A retaliação veio com aviões e um contingente absurdo de soldados para uma massa de camponeses desarmados e com apenas a disposição para resistir. Foram assassinados cerca de 400 camponeses neste ataque covarde do Exército reacionário brasileiro contra os remanescentes do Caldeirão. Houve bombardeios aéreos e rajadas de metralhadoras. Logo após isso o Beato José Lourenço e algumas famílias fugiram para Pernambuco e o Beato Severino Tavares e os dispostos a resistir foram para a comunidade denominada Pau de Colher.

Em 1938 Pau de Colher é exterminada com outro ataque brutal do Exército. Dessa vez Severino e as centenas de famílias que lhe acompanhavam resistiram até o último homem de armas na mão; o número de mortos foi superior a 400. 

CONCLUSÃO 

O que aconteceu no Caldeirão e em Pau de Colher foi mais um crime brutal que o Estado Brasileiro cometeu contra camponeses. Esse histórico de massacres contra camponeses não parou em 1930 com o extermínio de Pau de Colher. 

O motivo que os camponeses do Caldeirão e Pau de Colher resistiram existem até hoje, e aos que acham loucura a luta do camponês, principalmente do camponês nortista e nordestino pela terra e contra o latifúndio, lembre-se do que disse Josué de Castro: “É que nenhum povo do mundo se mostra tão enraizado à terra, mais profundamente ligado à seu solo natal do que o povo do nordeste. Este desadorado amor à terra que sempre lhe fez sofrer faz com que o homem do nordeste a defenda sempre, até o extremo limite de suas forças”. (5) 


Notas:

1- Floro Bartolomeu diz em seu depoimento que o Beato apareceu por volta de 1900 no Juazeiro, mas outros relatos dizem que ele já estava lá desde 1890, como as coisas na vida do beato antes do Caldeirão e do Boi “Mansinho” não são tão claras, preferi registrar dessa forma.

2- Extraído do livro Juazeiro do Padre Cícero –Depoimento para a história de autoria de Floro Bartolomeu 

3- A Epopéia do Mansinho: o boi santo do Caldeirão (Crato-CE) – Autora: Antônia Lucivânia da Silva / Coautora: Marilyn Ferreira Machado.

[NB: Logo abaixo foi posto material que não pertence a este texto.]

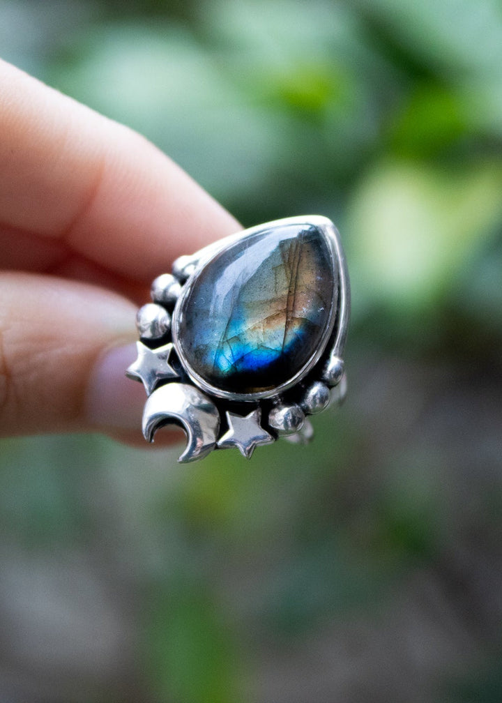 A glowing labradorite shimmers like a midnight sky, framed by silver moons and

Disponível em: http://www.snh2011.anpuh.org/resources/anais/35/1400183093_ARQUIVO_ARTIGOAEPOPEIADEMANSINHO.pdf

4- Novamente as datas se confundem pois alguns pesquisadores como Rui Facó afirmam que a expedição ocorreu em 9 de novembro, já outros pesquisadores afirmam que se deu no dia 10 de setembro, e outros ainda dizem que ocorreu no dia 11 de setembro.